In direct response to this disaster, Nobunaga bypassed traditional inland design, commanding Kuki Yoshitaka of Shima Province to construct a fleet of revolutionary, iron-plated "armored ships" (ōatakebune). These massive vessels were sailed from the Kumano-nada Sea into Osaka Bay. As detailed in the 1578 entries, these floating fortresses effortlessly withstood the matchlock fire and arrows of the Saika and Tannowa raiders, using heavy shipboard artillery to shatter the swarms.

In just two years, naval combat transformed from a game of close-quarters incendiary raiding into a duel of long-range heavy artillery. These ōatakebune were not merely reinforced to shield their crews; contemporary letters from the Society of Jesus (Jesuit missionaries) in Japan reported that these revolutionary vessels were armed with multiple large European cannons, effectively making them the world's first heavy ironclad battleships.

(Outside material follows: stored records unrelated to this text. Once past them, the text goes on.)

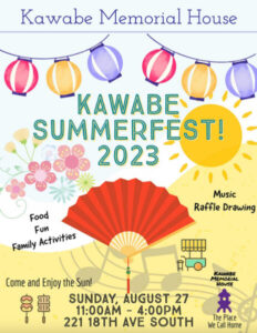 ▪️Summerfest – Sun, Aug 25, 11 a.m.-3 p.m., Kawabe Memorial House, 221 –18th Ave S, Seattle. https://kawabehouse.org/ or see Facebook at: https://www.facebook.com/events/1594654537726229/?ref=newsfeed.
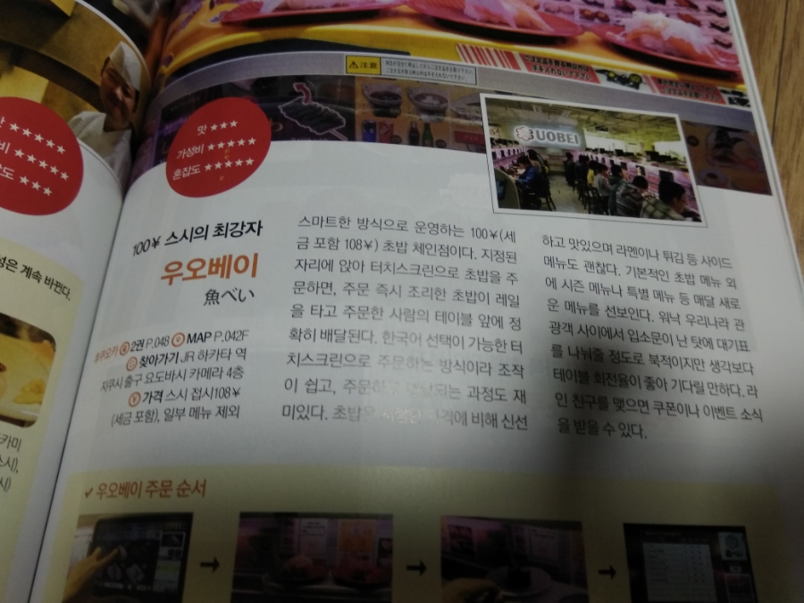 스시의 최강자. 우오베이. 너무나도 공감하는 말이다. 내 여행 블로그 후쿠오카 편을 보면 우오베이에 몇 번을 들렸는지 알 수 있다. 후쿠오카에 가면 반드시 2번 이상 들리는 곳이다. 맛도 맛이지만 가격은 더욱 놀랍다. 접시 당 100엔. PC방 같은 분위기 속에서 레일 위로 오는 초밥을 맛 볼 수 있다. 이 책 P.167에 자세히 소개되어 있다. 일본의 가게나 식당을 들리면 우리나라의 미친 물가에 다시 놀라게 된다.
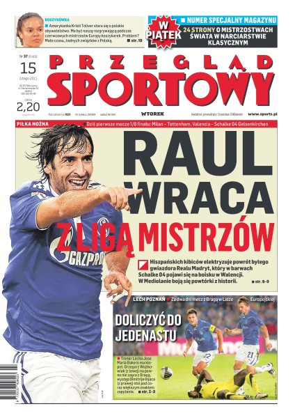 Hiszpańskich kibiców elektryzuje powrót byłego gwiazdora Realu Madryt, który w barwach Schalke 04 pojawi się na boisku w Walencji; Vuk Sotirović został wczoraj karnie usunięty ze zgrupowania na Cyprze; Robin Van Persie strzelił dziewięć goli w ostatnich pięciu meczach, teraz ma poprowadzić Arsenal do wygranej z Barceloną; Kristi Toliver stara się o polskie obywatelstwo.
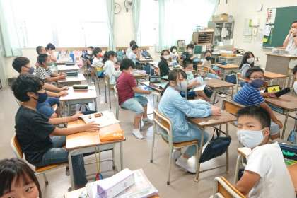 教室に入るとさっそく「こんにちは」の元気な声が聞こえてきました。
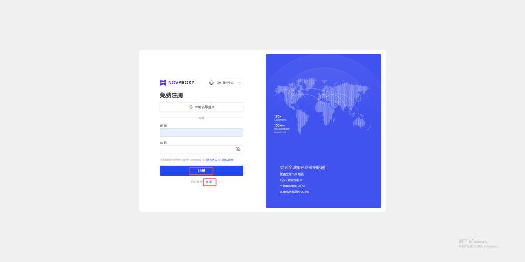 1.登录 NovProxy 官方网站。如果您尚未拥有账号,请完成注册流程。
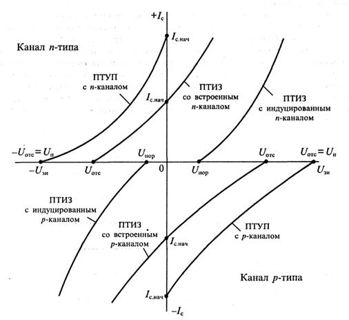 Из рассмотренного ранее следует, что всего существует шесть типов полевых транзисторов. Их типовые передаточные характеристики приведены на рисунке 6. Пользуясь этими характеристиками, можно установить полярность управляющего напряжения, направление тока в канале и диапазон изменения управляющего напряжения. Из всех приведенных разновидностей транзисторов в настоящее время не выпускаются только ПТИЗ со встроенным каналом р -типа. Рассмотрим некоторые особенности этих характеристик. Все характеристики полевых транзисторов с каналом п -типа расположены в верхней половине графика и, следовательно, имеют положительный ток, что соответствует положительному напряжению на стоке. Наоборот, все характеристики приборов с каналом р -типа расположены в нижней половине графика и, следовательно, имеют отрицательное значение тока и отрицательное напряжение на стоке. Характеристики ПТУП при нулевом напряжении на затворе имеют максимальное значение тока, которое называется начальным IС нач. При увеличении запирающего напряжения ток стока уменьшается и при напряжении отсечки Uотс становится близким к нулю.
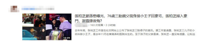 有网友猜测这一次张柏芝嫁的人是她三胎孩子的父亲,一名76岁的富豪。之前张柏芝被拍到与这位76岁富豪一同外出亲密游玩的照片,还被戏称为是“爷孙恋”,不少报道都写张柏芝结婚的对象是这个神秘的富豪,即将嫁入豪门做阔太太,甚至还报道称看到张柏芝嫁入豪门谢霆锋后悔了。

Years later, Kanō Mitsunobu—a master of the celebrated Kanō school of painting—captured this era of naval might in a detailed six-panel folding screen (byōbu) depicting Nagoya Castle in Hizen Province, the grand staging base for the continental invasions of Korea. His painting prominently features these armored ships, adorned with multi-storied wooden keeps (tenshu) built atop their decks. These floating keeps served as command towers for the samurai elite and functioned as potent visual symbols of the hegemon's absolute authority.

While equipped with auxiliary sails, these massive warships were primarily driven by rows of oars—ranging from 50 oars on medium variants to over 150 on the largest class, making them equivalent to vessels of 75 to 300 net tonnage. Heavily timbered, armored, and crenellated, these ships sacrificed speed for structural invulnerability and firepower. In battle, they operated much like modern naval formations: the ironclad ōatakebune acted as capital battleships, medium sekibune served as cruisers, and agile kohaya functioned as fleet destroyers providing screen protection.

Conclusion: The Triumph of Capital and State Power

This technological revolution signaled the end of the traditional pirate way of life. Naval warfare had fundamentally transitioned from a test of individual seamanship and tactical maneuverability to a contest of raw, industrial firepower and financial capacity. On land, the Azuchi-Momoyama era was defined by the rise of massive stone-walled castles topped with towering keeps; on the waves, this same architectural and military philosophy manifested as floating fortresses bristling with artillery.

While traditional maritime populations like the Murakami clan had spent generations accumulating highly specialized tactics as independent sea fighters, they completely lacked the immense capital reserves and timber resources required to construct, arm, and maintain fleets of heavy artillery-laden ironclads. This stark economic barrier explains the dramatic shift in maritime hegemony at the close of the century.

The independent, decentralized pirate lords of the Seto Inland Sea were rapidly marginalized, replaced by state-backed naval commanders operating under the direct authority and massive financial sponsorship of the central Toyotomi regime.